#Reverse Mode differentiation of the Cholesky Algorithm in (C|P)ython

[Positive definite matrices](https://en.wikipedia.org/wiki/Positive-definite_matrix) are at the core of Gaussian process models, and are best dealt with using the [Cholesky decomposition](https://en.wikipedia.org/?title=Cholesky_decomposition), which factors a positive definite matrix $\mathbf K$ into a lower triangular matrix $\mathbf L$, as $\mathbf K = \mathbf L\mathbf L^\top$. Once we have $\mathbf L$, it's much easier to solve linear systems, compute determinants, etc. Every inference method in [GPy](https://github.com/SheffieldML/GPy) uses the Cholesky decomposition. 

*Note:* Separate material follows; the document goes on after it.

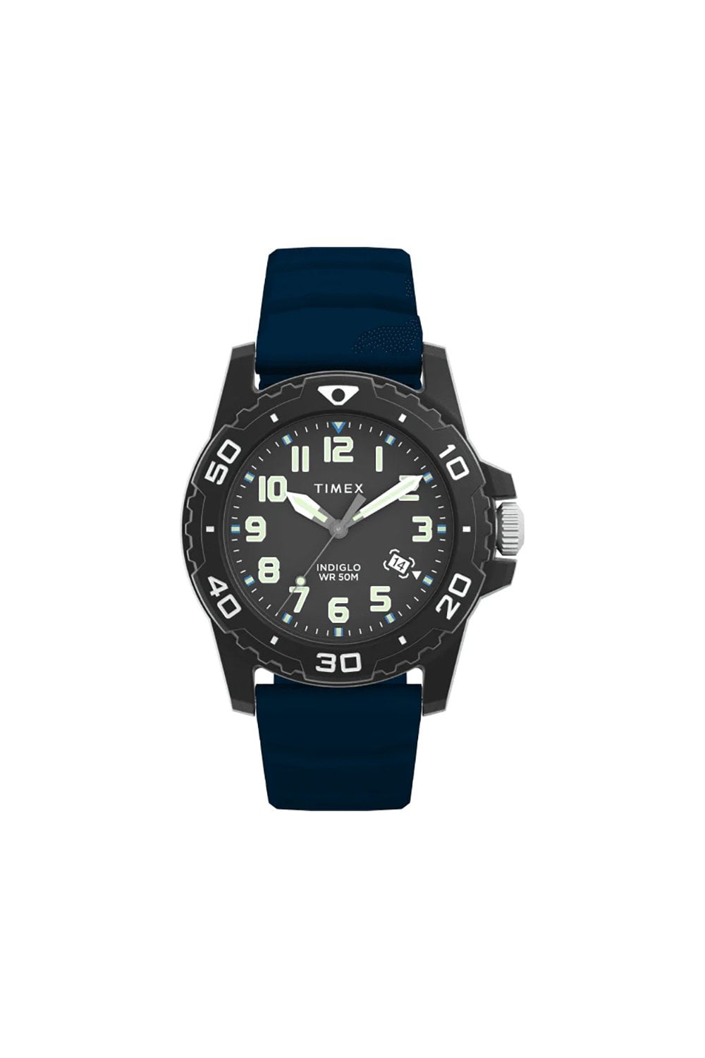 Our Timex Diver Inspired is crafted around a rugged 44mm resin case, capturing the tactical aesthetic of a true diver watch. Its dial features a date window, luminescent hands, and easily legible hour markers presented in bold, luminescent Arabic numerals. With a comfortable silicone rubber strap in blue; our revolutionary INDIGLO backlight; and 50m water resistance, it’s the perfect companion for your next outdoor adventure.
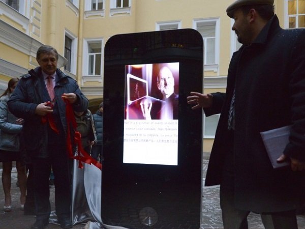 Памятник Стиву Джобсу был открыт в Санкт-Петербурге 9 января 2013 года. Он представлял собой iPhone высотой 188 см, что эквивалентно росту основателя компании Apple. При этом желающие могли получить доступ к интерактивному контенту памятника, который включает в себя цитаты, биографические сведения и медиа-материалы о Стиве Джобсе. Кроме того, модель iPhone бесплатно раздавала сеть Wi-Fi.

So let's say we have a matrix $\mathbf K$, which we factor into $\mathbf L$, and then we compute some function $f(\mathbf L)$. For optimization of the function, we compute the derivative $\frac{\partial f}{\partial \mathbf L}$. But since $\mathbf K$ is the primary object, we want to compute $\frac{\partial f}{\partial \mathbf K}$: this is called reverse-mode differentiation (or 'backpropagation' in machine learning parlance), and we'd usually write something like
$$
\frac{\partial f}{\partial \mathbf K} = \sum_{i,j} \frac{\partial f}{\partial \mathbf L}_{[i,j]} \frac{\partial \mathbf L_{[i,j]}}{\partial \mathbf K}
$$

The problem is that $\frac{\partial \mathbf L_{[i,j]}}{\partial \mathbf K}$ is not well defined, because there are _many_ solutions to the equation $\mathbf K = \mathbf L\mathbf L^\top$, of which the Cholesky decomposition picks only one. It turns out that the Cholesky procedure requires a series of square-roots, and by convention the positive root is selected each time: this makes it tricky to continue mathematically, but [Smith](1) shows that by considering the algorithm as a mathematical procedure, we can compute the derivative of each step and end up with the result we want. Adapting Smith's pseudocode to python results in the following.




In [1]:
def backprop_gradient_pure(df_dL, L):
    """
    Given the derivative of an objective fn with respect to the cholesky L,
    compute the derivate with respect to the original matrix K, defined as

        K = LL^T

    where L was obtained by Cholesky decomposition
    """
    df_dK = np.tril(df_dL).copy()
    N = L.shape[0]
    for k in xrange(N - 1, -1, -1):
        for j in xrange(k + 1, N):
            for i in xrange(j, N):
                df_dK[i, k] -= df_dK[i, j] * L[j, k]
                df_dK[j, k] -= df_dK[i, j] * L[i, k]
        for j in xrange(k + 1, N):
            df_dK[j, k] /= L[k, k]
            df_dK[k, k] -= L[j, k] * df_dK[j, k]
        df_dK[k, k] /= (2 * L[k, k])
    return df_dK

Let's see how this works, and how long it takes, for a few different sizes of $\mathbf K$

In [2]:
import numpy as np
for N in [50, 200, 500]:
    #create a P.D. matrix
    A = np.random.randn(N,N+1)
    K = np.dot(A, A.T)

    L = np.linalg.cholesky(K)

    #create a super simple function of L, and its derivative
    B = np.random.randn(*L.shape)
    f = np.sum(L*B)
    df_dL = B
    
    print 'N=', N, ':'
    %timeit backprop_gradient_pure(df_dL, L)
    print ''

N= 50 :
100 loops, best of 3: 19 ms per loop

N= 200 :
1 loops, best of 3: 1.14 s per loop

N= 500 :
1 loops, best of 3: 19.2 s per loop



This works, but is horribly slow: the majority of time is spent in Python lookups, garbage collection, and other high level stuff. 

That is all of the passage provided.